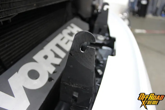 Once we had our two brackets completed, we mounted them to the existing bolts that hold the front valence and then created some spacers to appropriately position the light bar between the two brackets. The spacers were necessary now that the two brackets were farther apart than the stock width of the light bar itself. Once the brackets were attached, we bolted the light bar on (with spacers) and made sure the hoods functionality was not interfered with.
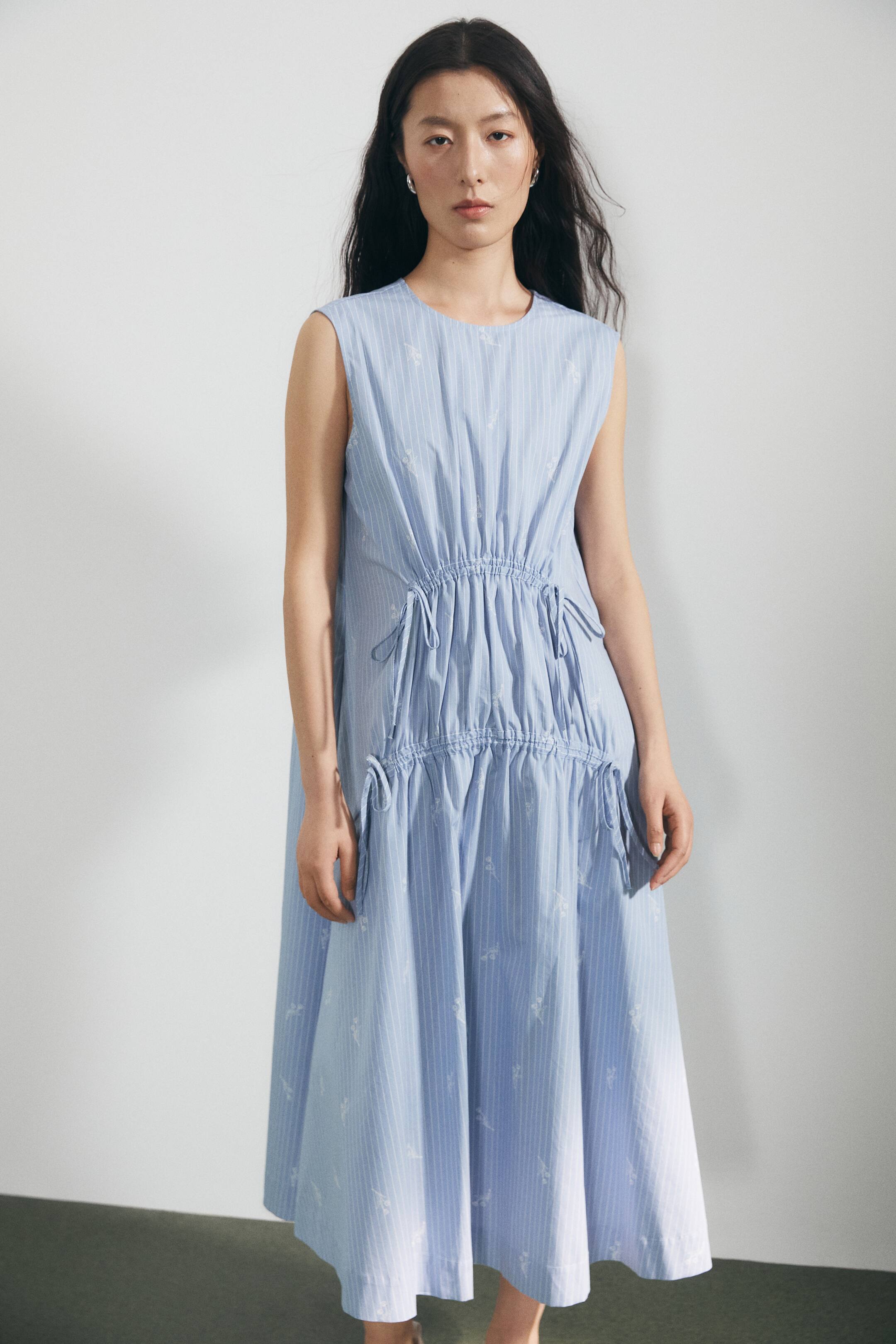 Loose-fit, sleeveless, calf-length dress in woven cotton. Round neckline, keyhole opening at back with a button, and discreet side pockets. Two sets of drawstrings at front for a gathered effect. Unlined.
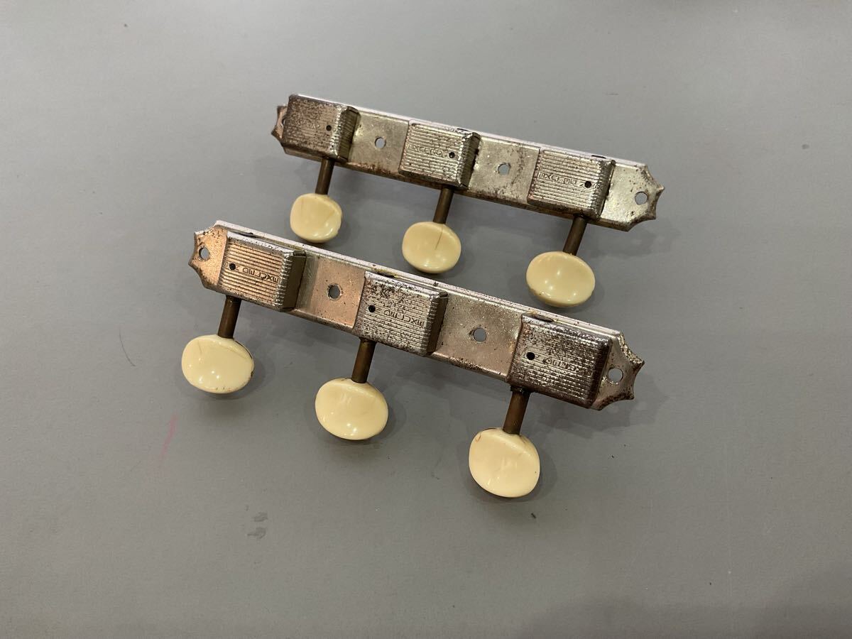 1960年製のkluson 3連ペグです。シングルライン オーバルボタンです。一個少し曲がりが有ります。
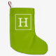 Petite Chaussette De Noël Monogramme initial encadré blanc vert pomme
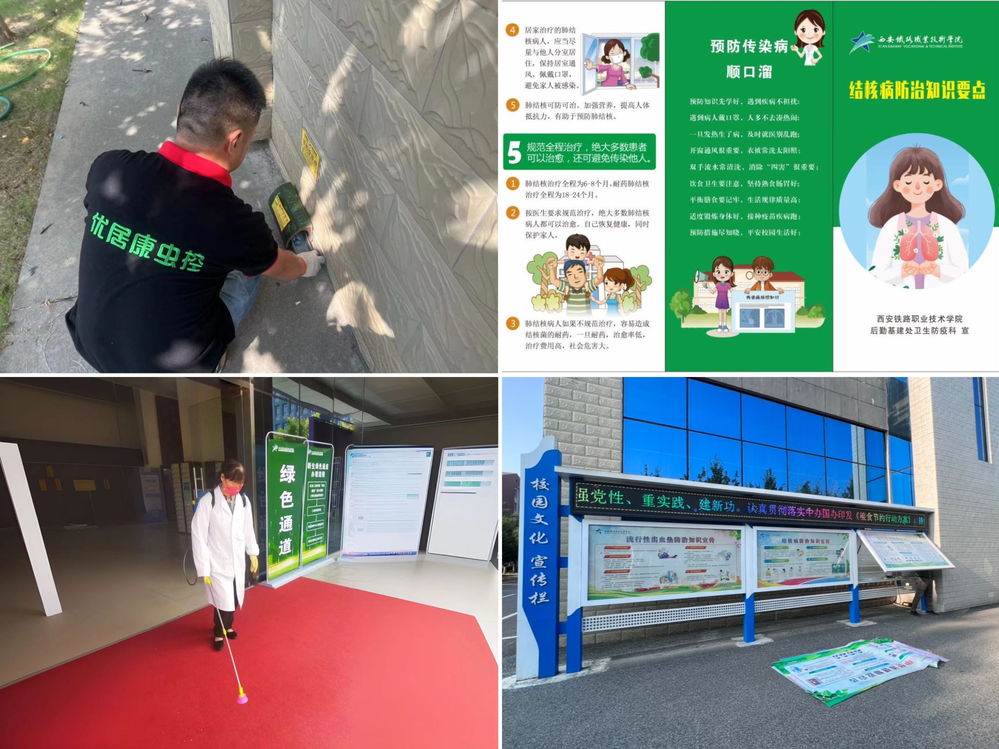 消杀灭鼠,防疫先行。卫生防疫科为学生提供一个安全、卫生、舒适、整洁的校园环境,在学生公寓、教学楼、食堂等重点区域开展深度消杀及灭鼠工作,反复清剿病毒和细菌,不放过任何一个卫生死角。并制作《结核病防治知识要点》手册,在学生前往食堂必经之路的广告栏中宣传有关秋季易发传染病的防治知识。做好卫生防疫工作,为学生的安全健康保驾护航。
■ ■ ■
Aim of the exercise =>
Reproduce every record above exactly, omitting the pictures.

Task output =>
 Once we had our two brackets completed, we mounted them to the existing bolts that hold the front valence and then created some spacers to appropriately position the light bar between the two brackets. The spacers were necessary now that the two brackets were farther apart than the stock width of the light bar itself. Once the brackets were attached, we bolted the light bar on (with spacers) and made sure the hoods functionality was not interfered with.
 Loose-fit, sleeveless, calf-length dress in woven cotton. Round neckline, keyhole opening at back with a button, and discreet side pockets. Two sets of drawstrings at front for a gathered effect. Unlined.
 1960年製のkluson 3連ペグです。シングルライン オーバルボタンです。一個少し曲がりが有ります。
 Petite Chaussette De Noël Monogramme initial encadré blanc vert pomme
 消杀灭鼠,防疫先行。卫生防疫科为学生提供一个安全、卫生、舒适、整洁的校园环境,在学生公寓、教学楼、食堂等重点区域开展深度消杀及灭鼠工作,反复清剿病毒和细菌,不放过任何一个卫生死角。并制作《结核病防治知识要点》手册,在学生前往食堂必经之路的广告栏中宣传有关秋季易发传染病的防治知识。做好卫生防疫工作,为学生的安全健康保驾护航。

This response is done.